[[ Records for the task, beginning ]]

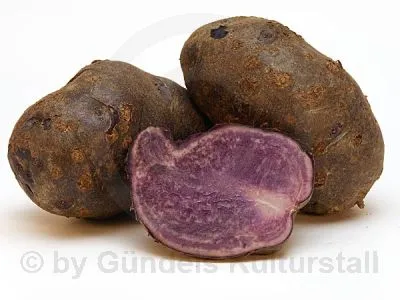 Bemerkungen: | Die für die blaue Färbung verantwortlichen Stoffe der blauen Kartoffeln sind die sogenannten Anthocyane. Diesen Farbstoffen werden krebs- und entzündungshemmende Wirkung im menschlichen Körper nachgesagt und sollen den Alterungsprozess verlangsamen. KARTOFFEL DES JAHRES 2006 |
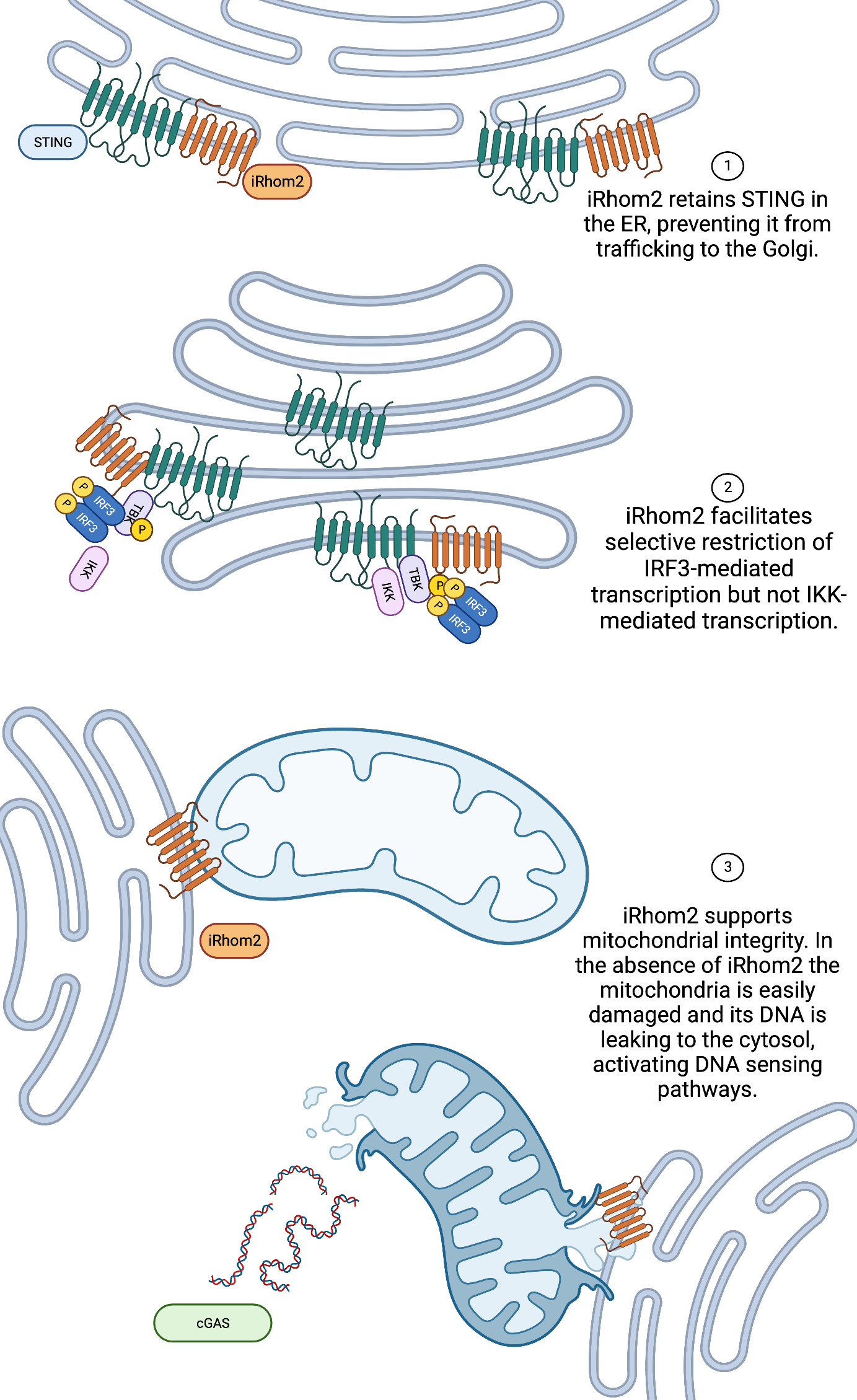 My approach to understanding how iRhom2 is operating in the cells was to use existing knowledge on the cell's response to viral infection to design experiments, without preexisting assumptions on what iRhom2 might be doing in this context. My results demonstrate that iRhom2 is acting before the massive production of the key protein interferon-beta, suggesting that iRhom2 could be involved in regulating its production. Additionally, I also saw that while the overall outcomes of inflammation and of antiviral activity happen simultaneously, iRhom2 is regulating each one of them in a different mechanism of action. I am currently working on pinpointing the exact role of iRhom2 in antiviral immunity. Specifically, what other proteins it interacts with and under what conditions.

[[ Records for the task, end ]]
[[ Records for the task, beginning ]]

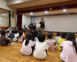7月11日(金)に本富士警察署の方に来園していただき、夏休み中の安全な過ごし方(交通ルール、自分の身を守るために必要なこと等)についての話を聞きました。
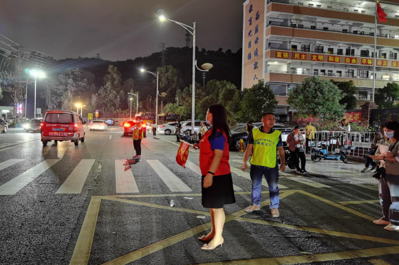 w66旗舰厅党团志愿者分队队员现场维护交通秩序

[[ Records for the task, end ]]
[[ Records for the task, beginning ]]

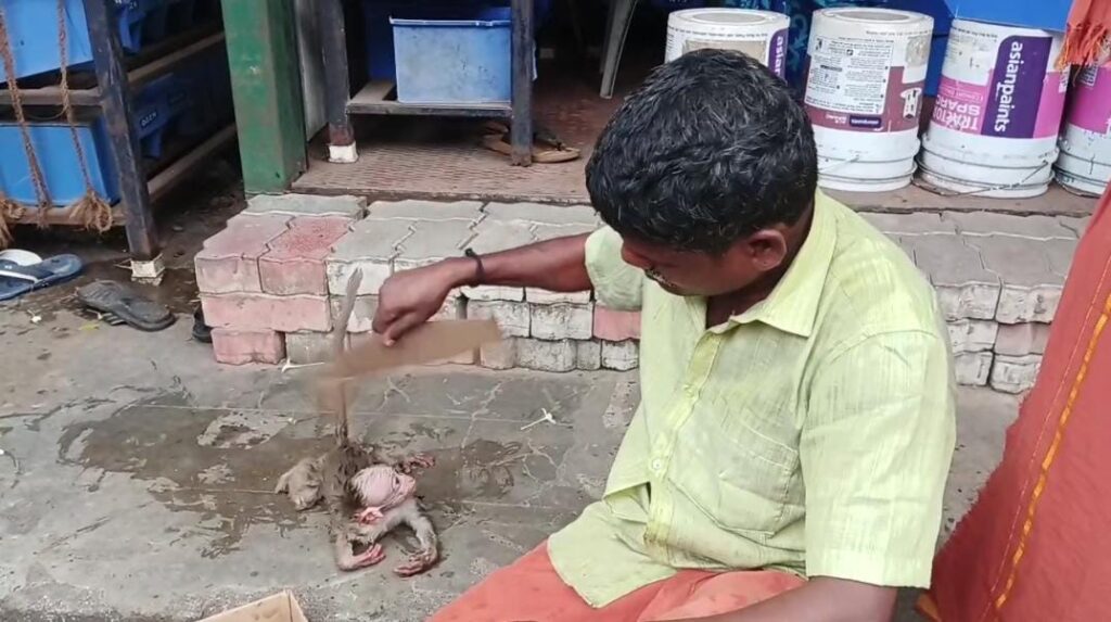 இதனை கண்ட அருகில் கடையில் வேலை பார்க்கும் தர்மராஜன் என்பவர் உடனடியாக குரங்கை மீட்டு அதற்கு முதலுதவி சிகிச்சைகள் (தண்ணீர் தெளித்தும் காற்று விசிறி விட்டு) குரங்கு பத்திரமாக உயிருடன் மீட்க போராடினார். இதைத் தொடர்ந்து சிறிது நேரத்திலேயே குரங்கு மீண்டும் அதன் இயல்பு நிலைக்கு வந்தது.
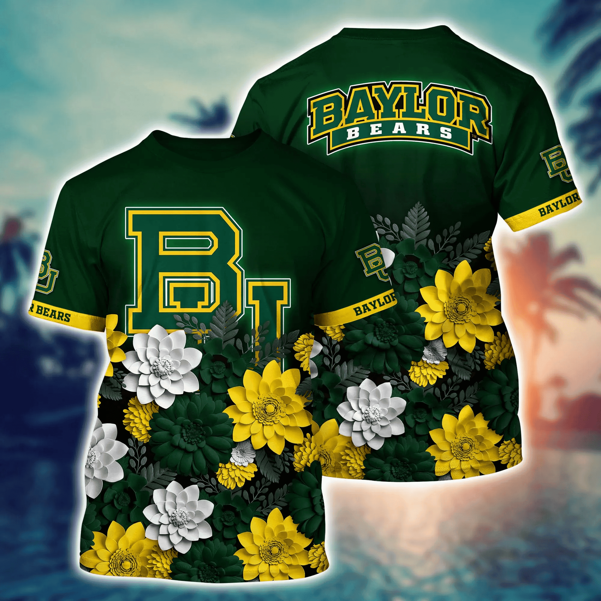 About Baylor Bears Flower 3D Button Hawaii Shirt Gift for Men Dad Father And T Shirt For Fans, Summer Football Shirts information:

[[ Records for the task, end ]]

--- Task instructions ---
The reply should hold exactly the lines above, starting at the line with "7月11日(金)に本富士警察" and ending at the line with "w66旗舰厅党团志愿者分队队员现场维护交通秩序", and no pictures.

--- Written solution ---
7月11日(金)に本富士警察署の方に来園していただき、夏休み中の安全な過ごし方(交通ルール、自分の身を守るために必要なこと等)についての話を聞きました。
 w66旗舰厅党团志愿者分队队员现场维护交通秩序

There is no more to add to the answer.